• _Information provided_:
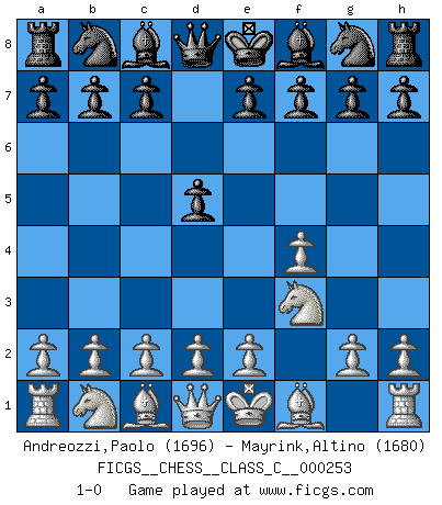 Last move : 1-0 2018 June 14 14:43:18 [Event "FICGS__CHESS__CLASS_C__000253"] [Site "FICGS"] [Date "2018.04.30"] [Round "1"] [White "Andreozzi,Paolo"] [Black "Mayrink,Altino"] [Result "1-0"] [WhiteElo "1696"] [BlackElo "1680"] 1.f4 d5 2.Nf3 1-0 This chess game has been lost on time (started : 2018.04.30 22:36:4) Bird's Opening Player White won this chess game. Follow this game move after move (download)Winning isn't everything... but losing is nothing. (Mednis) Ich habe Kasparov in Rente geschickt. (Veselin Topalov) Dios mío, Bobby Fischer juega tan simple. (Alexei Suetin) Il (Jacob Murray) ne joue pas pour le bon coup, mais pour le meilleur. (Eloi Relange) Being number two sucks. (Andre Agassi)
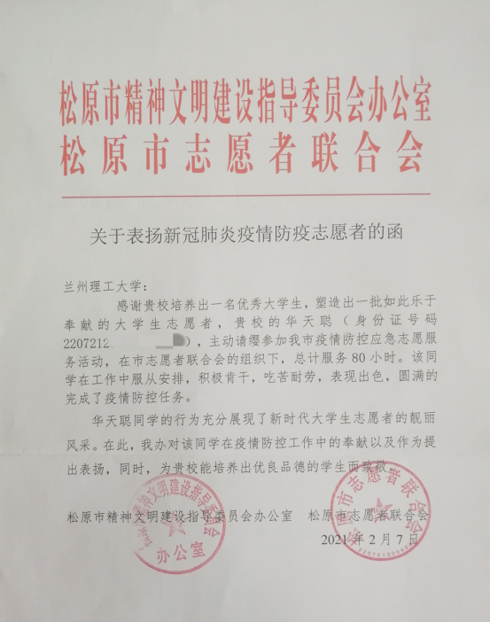前不久,兰州理工大学收到了一封来自吉林省松原市的表扬函,这是松原市精神文明建设指导委员会联合松原市志愿者联合会发来的,表扬函对学校经济管理学院华天聪同学“在疫情防控工作中的奉献以及作为提出表扬”。
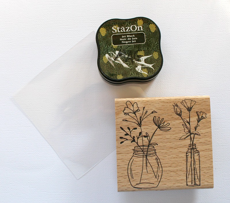 Tamponnez le rhodoïd avec la StazOn et le cardstock avec la Versafine en écrasant bien votre tampon pour obtenir une impression nette sur le côté texturé de votre papier.

• _What you are asked to do_: Set down the data above exactly as written. Omit the pictures.

• _Response to the task_:
 Last move : 1-0 2018 June 14 14:43:18 [Event "FICGS__CHESS__CLASS_C__000253"] [Site "FICGS"] [Date "2018.04.30"] [Round "1"] [White "Andreozzi,Paolo"] [Black "Mayrink,Altino"] [Result "1-0"] [WhiteElo "1696"] [BlackElo "1680"] 1.f4 d5 2.Nf3 1-0 This chess game has been lost on time (started : 2018.04.30 22:36:4) Bird's Opening Player White won this chess game. Follow this game move after move (download)Winning isn't everything... but losing is nothing. (Mednis) Ich habe Kasparov in Rente geschickt. (Veselin Topalov) Dios mío, Bobby Fischer juega tan simple. (Alexei Suetin) Il (Jacob Murray) ne joue pas pour le bon coup, mais pour le meilleur. (Eloi Relange) Being number two sucks. (Andre Agassi)
前不久,兰州理工大学收到了一封来自吉林省松原市的表扬函,这是松原市精神文明建设指导委员会联合松原市志愿者联合会发来的,表扬函对学校经济管理学院华天聪同学“在疫情防控工作中的奉献以及作为提出表扬”。
 Tamponnez le rhodoïd avec la StazOn et le cardstock avec la Versafine en écrasant bien votre tampon pour obtenir une impression nette sur le côté texturé de votre papier.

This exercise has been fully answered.